Again perfect scores! This time, the performance improvement is quite noticeable, as there is a rise of almost 0.18 in the F-1 score.

### 3. K-NN Classifier

In [None]:
#Using normal data
knn = KNeighborsClassifier(n_neighbors = 5)
knn.fit(X_train, y_train)
print("k-NN Classifier on unscaled test data:")
print("Accuracy:", knn.score(X_test, y_test))
print("Precision:", precision_score(y_test, knn.predict(X_test)))
print("Recall:", recall_score(y_test, knn.predict(X_test)))
print("F-1 score:", f1_score(y_test, knn.predict(X_test)))

: 

In [None]:
#Using scaled data
knn_scaled = KNeighborsClassifier(n_neighbors = 5)
knn_scaled.fit(X_train_scaled, y_train)
print("SVM Classifier on scaled test data:")
print("Accuracy:", knn_scaled.score(X_test_scaled, y_test))
print("Precision:", precision_score(y_test, knn_scaled.predict(X_test_scaled)))
print("Recall:", recall_score(y_test, knn_scaled.predict(X_test_scaled)))
print("F-1 score:", f1_score(y_test, knn_scaled.predict(X_test_scaled)))

: 

### 4. Random Forest Classifier

In [None]:
#using normal data
rfc = RandomForestClassifier(n_estimators = 20)
rfc.fit(X_train, y_train)
print("SVM Classifier on unscaled test data:")
print("Accuracy:", rfc.score(X_test, y_test))
print("Precision:", precision_score(y_test, rfc.predict(X_test)))
print("Recall:", recall_score(y_test, rfc.predict(X_test)))
print("F-1 score:", f1_score(y_test, rfc.predict(X_test)))

: 

In [None]:
#using scaled data
rfc_scaled = RandomForestClassifier(n_estimators = 20)
rfc_scaled.fit(X_train_scaled, y_train)
print("Random Forest Classifier on scaled test data:")
print("Accuracy:", rfc_scaled.score(X_test_scaled, y_test))
print("Precision:", precision_score(y_test, rfc_scaled.predict(X_test_scaled)))
print("Recall:", recall_score(y_test, rfc_scaled.predict(X_test_scaled)))
print("F-1 score:", f1_score(y_test, rfc_scaled.predict(X_test_scaled)))

: 

Random Forest Classifier works well either way, it seems.

# Conclusion

Feature scaling definitely was helpful in improving model performance. While the Random Forest Classifier performed equally well with and without feature scaling, it is not necessary that this may be the case always.
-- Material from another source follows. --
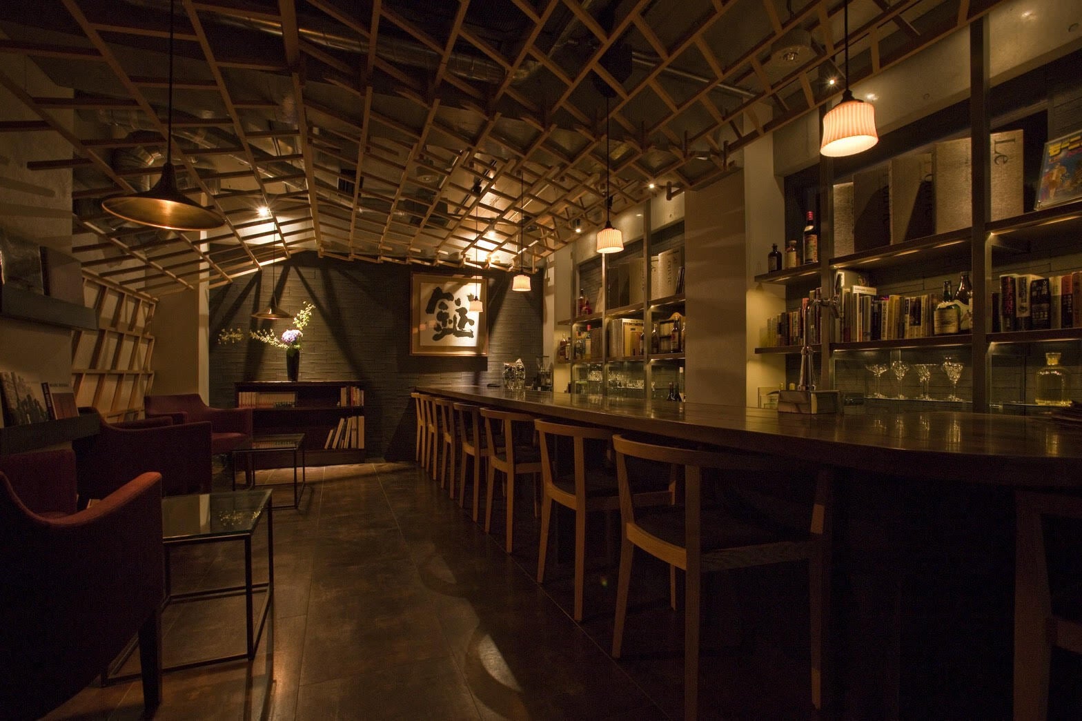 店舗紹介:ウッディな内装の店内は、照明が落とされ落ち着きのある雰囲気。

For, performance issues with feature scaling depend on a lot of factors:
1. Understanding the data distribution is important. It is highly possible that there may be some features which are almost constant except for a small noise-driven variation. This noise would then be amplified greatly by the normalization.
2. The regularization parameter C is also a very important factor in classifier performance. This is crucial either way, whether or not feature scaling is done.

# Further applications

It is not expected to get the same level of performance on bigger and denser data sets. The main reasons behind this are:
1. The dataset we worked on was very small, consisting of only 583 observations, of which 4 were dropped.
2. The dataset was highly unbalanced, the postive records being three times the number of negative ones.

Hence, even though we have obtained perfect scores on this dataset, the performance of the same models on similar but bigger datasets is expected to worsen.